Never run commands directly on the local machine - always route them through the remote executor.
Commands
Setup and Run (Docker - Recommended)
# Start all services (Redis, MySQL, API, Celery) with Docker
./start.sh
# Rebuild images and start
./start.sh --build
# Stop all containers
./start.sh --down
# View logs
./start.sh --logs
Setup and Run (Local with Poetry)
# Install dependencies
poetry install && cp .env.sample .env
# Start backend locally (requires Redis running)
./start.sh --local
# Start frontend (from frontend/ directory)
cd frontend && ./start.sh
CLI Operations
The main CLI (main.py) uses Click with a --data-dir option (default: data/rs/):
# Dump listings from Rightmove API
python main.py dump-listings --type rent --min-price 2000 --max-price 4000 --min-bedrooms 2
# Download floorplan images
python main.py dump-images
# Extract square meters from floorplans using OCR
python main.py detect-floorplan
# Calculate transit routes (consumes Google Maps API calls)
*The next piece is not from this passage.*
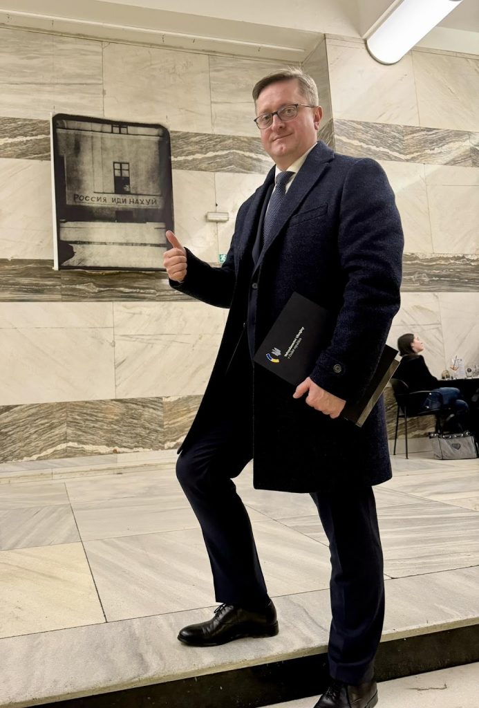Виставку відвідав посол України в Чехії. У своєму дописі Василь Зварич зазначив, що одна з представлених робіт містить чітке послання – саме фото з цією роботою поділився посол у своїх соцмережах. За його словами, воно передає позицію людей, які засуджують російську агресію.

python main.py routing --destination-address 'Address' -m transit -l 10
# Export to GeoJSON for visualization
python main.py export-immoweb -O output.js --type rent [filter options]
Testing
# Run tests with coverage
pytest tests/ -v --cov=. --cov-report=term-missing
# Run type checker
mypy .
Database Migrations
alembic upgrade head # Apply migrations
alembic revision -m "description" # Create new migration
Code Formatting
yapf --style .style.yapf --recursive .
Architecture
Core Data Flow
- Scraping (
rec/query.py): Fetches listing IDs and details from Rightmove's Android API - Processing (
listing_processor.py): Pipeline with steps for fetching details, downloading images, and OCR detection - Storage: SQLModel/SQLAlchemy with MySQL or SQLite, plus JSON files in
data/rs/<listing_id>/ - API (
api/app.py): FastAPI endpoints authenticated via JWT from external Authentik service - Background Tasks (
tasks/listing_tasks.py): Celery tasks for async listing processing with Redis broker
Key Models
models/listing.py: SQLModel entities (RentListing,BuyListing) withQueryParametersfor filteringdata_access.py: DEPRECATED - LegacyListingdataclass for filesystem-based data access. Usemodels.listing.RentListingormodels.listing.BuyListinginstead.
Services Layer (Unified CLI and API)
IMPORTANT: The services/ directory contains unified handler functions that both the CLI and HTTP API use. This ensures consistency and code reuse.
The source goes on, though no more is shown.